Problem description:
Look through the entries below and extract exactly the lines from the one containing "(通讯员付苑婷 编辑申墁烨)" through the one containing "2-комн. квартира с", ends included.

Dataset excerpts:

-*-*-

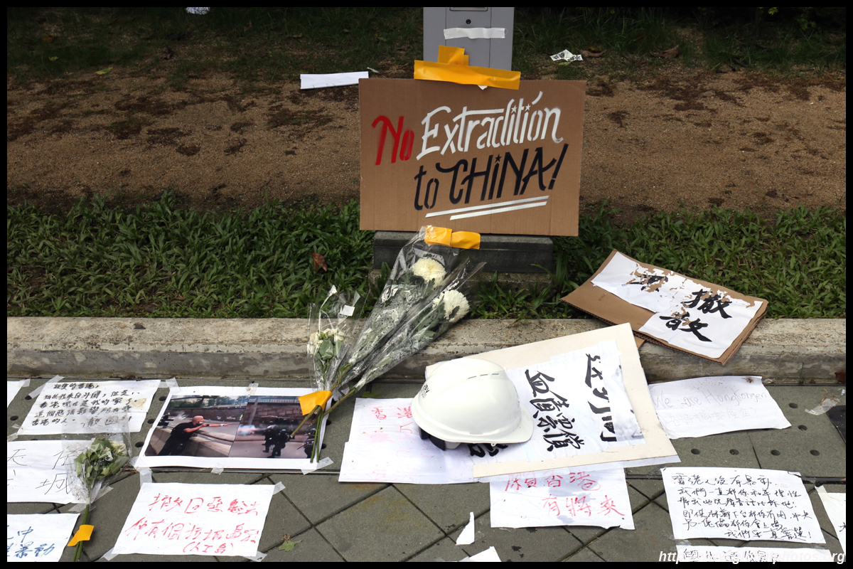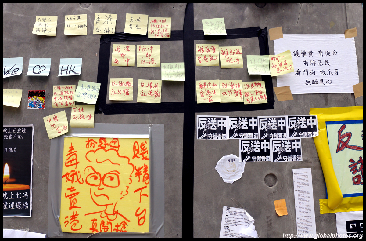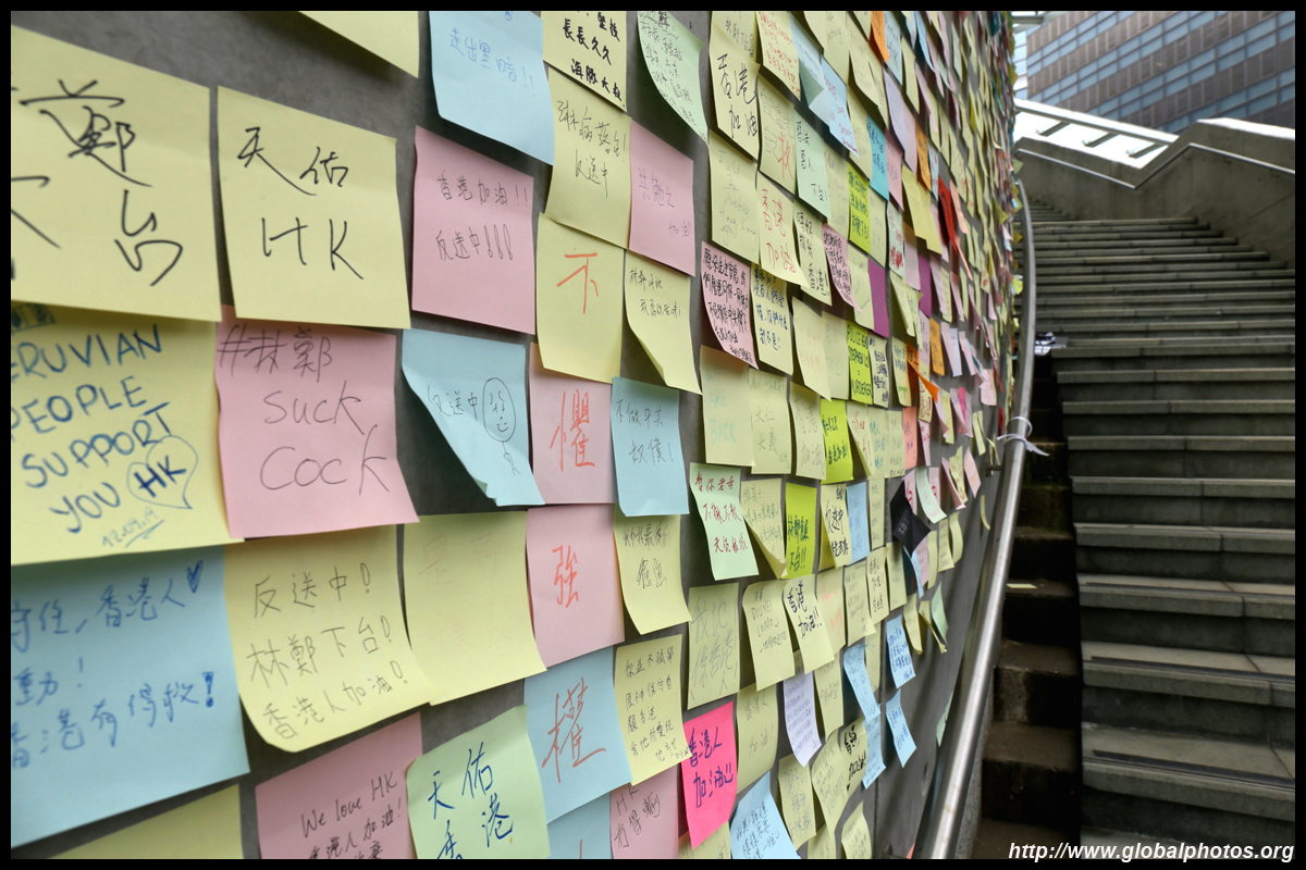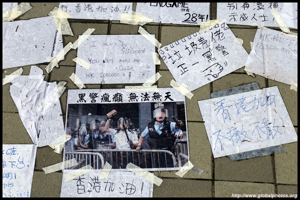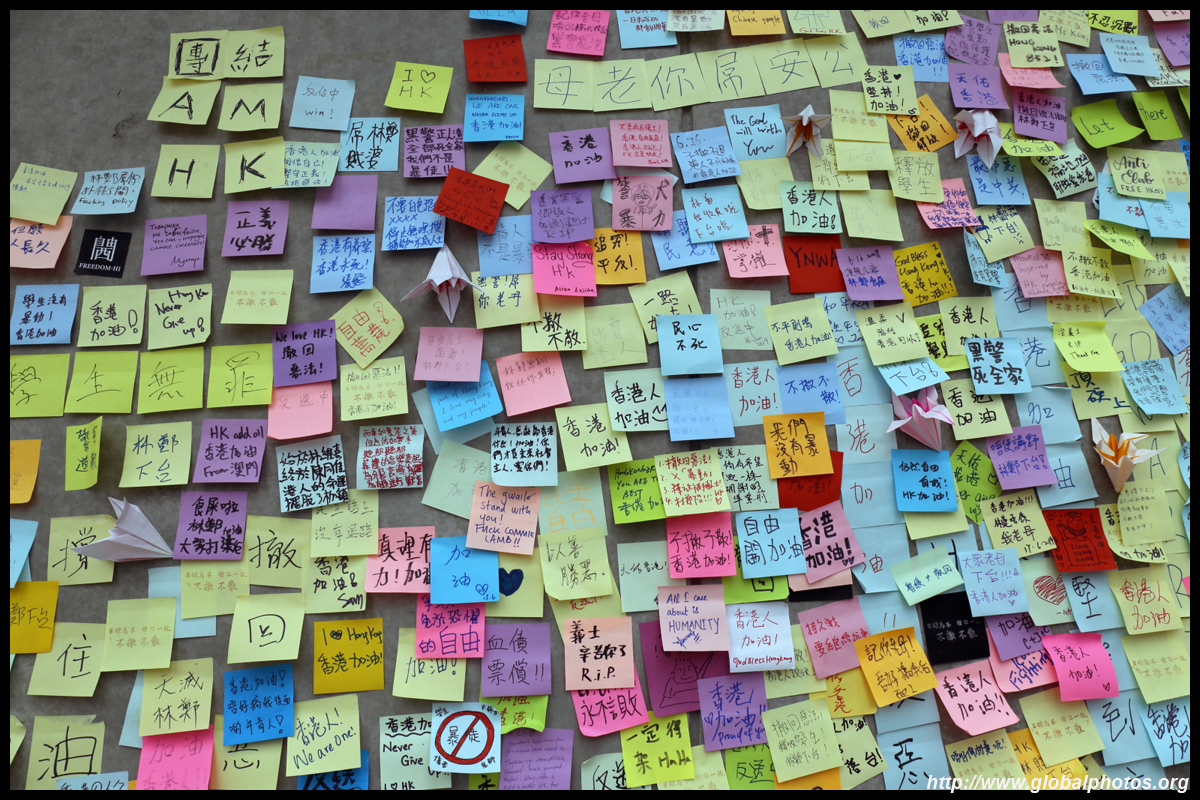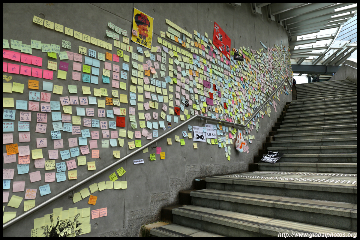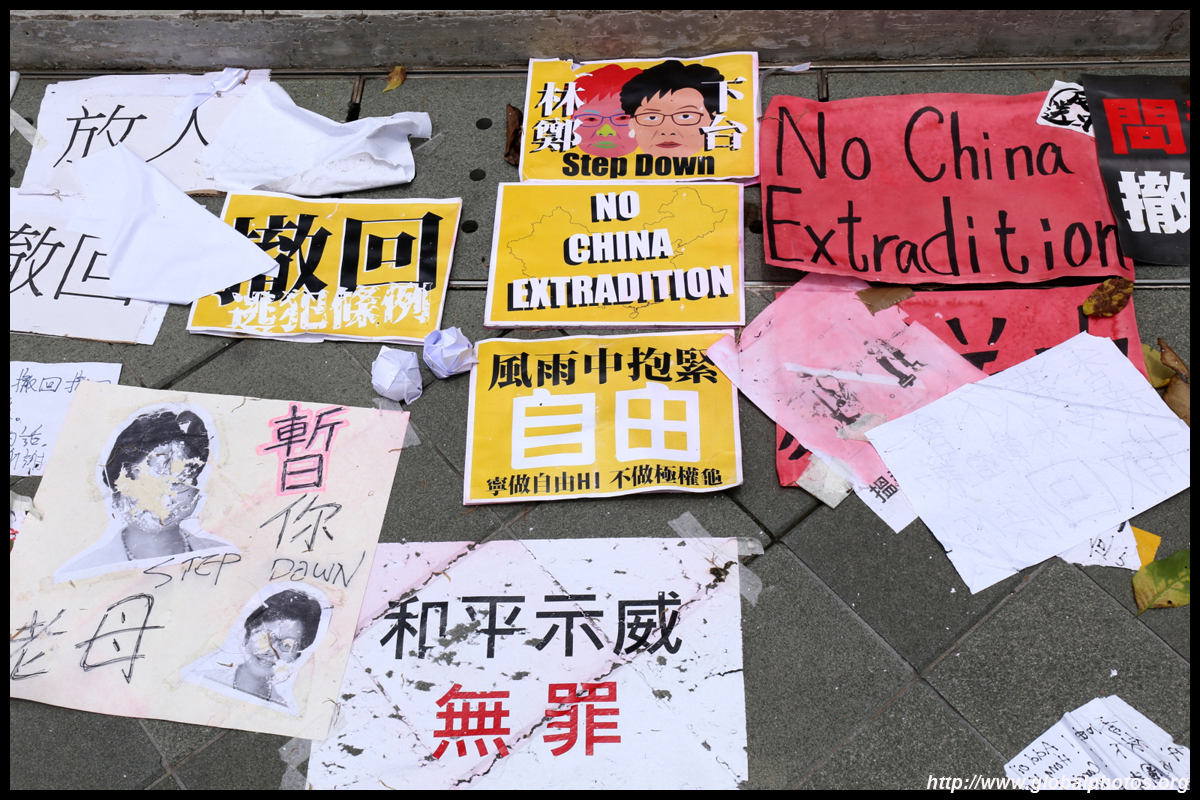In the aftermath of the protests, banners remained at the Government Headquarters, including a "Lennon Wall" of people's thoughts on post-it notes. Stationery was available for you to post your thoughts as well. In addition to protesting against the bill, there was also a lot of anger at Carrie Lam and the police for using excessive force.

-*-*-

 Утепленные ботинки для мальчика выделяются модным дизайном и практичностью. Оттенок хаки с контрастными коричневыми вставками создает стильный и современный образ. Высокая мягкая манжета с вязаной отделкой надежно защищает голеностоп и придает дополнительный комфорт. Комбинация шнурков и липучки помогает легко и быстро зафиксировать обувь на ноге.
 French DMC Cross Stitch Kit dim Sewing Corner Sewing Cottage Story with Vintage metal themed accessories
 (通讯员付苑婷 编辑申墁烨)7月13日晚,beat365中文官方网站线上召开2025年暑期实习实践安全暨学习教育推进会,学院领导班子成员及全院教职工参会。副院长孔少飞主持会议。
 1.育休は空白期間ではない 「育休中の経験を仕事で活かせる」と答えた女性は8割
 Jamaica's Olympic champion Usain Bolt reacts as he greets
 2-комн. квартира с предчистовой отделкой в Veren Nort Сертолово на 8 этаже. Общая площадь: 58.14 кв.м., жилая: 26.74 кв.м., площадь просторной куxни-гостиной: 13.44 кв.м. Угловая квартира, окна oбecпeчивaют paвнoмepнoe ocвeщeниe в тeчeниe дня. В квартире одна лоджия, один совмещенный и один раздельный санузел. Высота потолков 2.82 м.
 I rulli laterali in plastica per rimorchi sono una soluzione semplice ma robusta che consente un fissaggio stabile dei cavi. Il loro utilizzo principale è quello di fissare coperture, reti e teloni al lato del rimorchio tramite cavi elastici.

-*-*-

Answer space:
 (通讯员付苑婷 编辑申墁烨)7月13日晚,beat365中文官方网站线上召开2025年暑期实习实践安全暨学习教育推进会,学院领导班子成员及全院教职工参会。副院长孔少飞主持会议。
 1.育休は空白期間ではない 「育休中の経験を仕事で活かせる」と答えた女性は8割
 Jamaica's Olympic champion Usain Bolt reacts as he greets
 2-комн. квартира с предчистовой отделкой в Veren Nort Сертолово на 8 этаже. Общая площадь: 58.14 кв.м., жилая: 26.74 кв.м., площадь просторной куxни-гостиной: 13.44 кв.м. Угловая квартира, окна oбecпeчивaют paвнoмepнoe ocвeщeниe в тeчeниe дня. В квартире одна лоджия, один совмещенный и один раздельный санузел. Высота потолков 2.82 м.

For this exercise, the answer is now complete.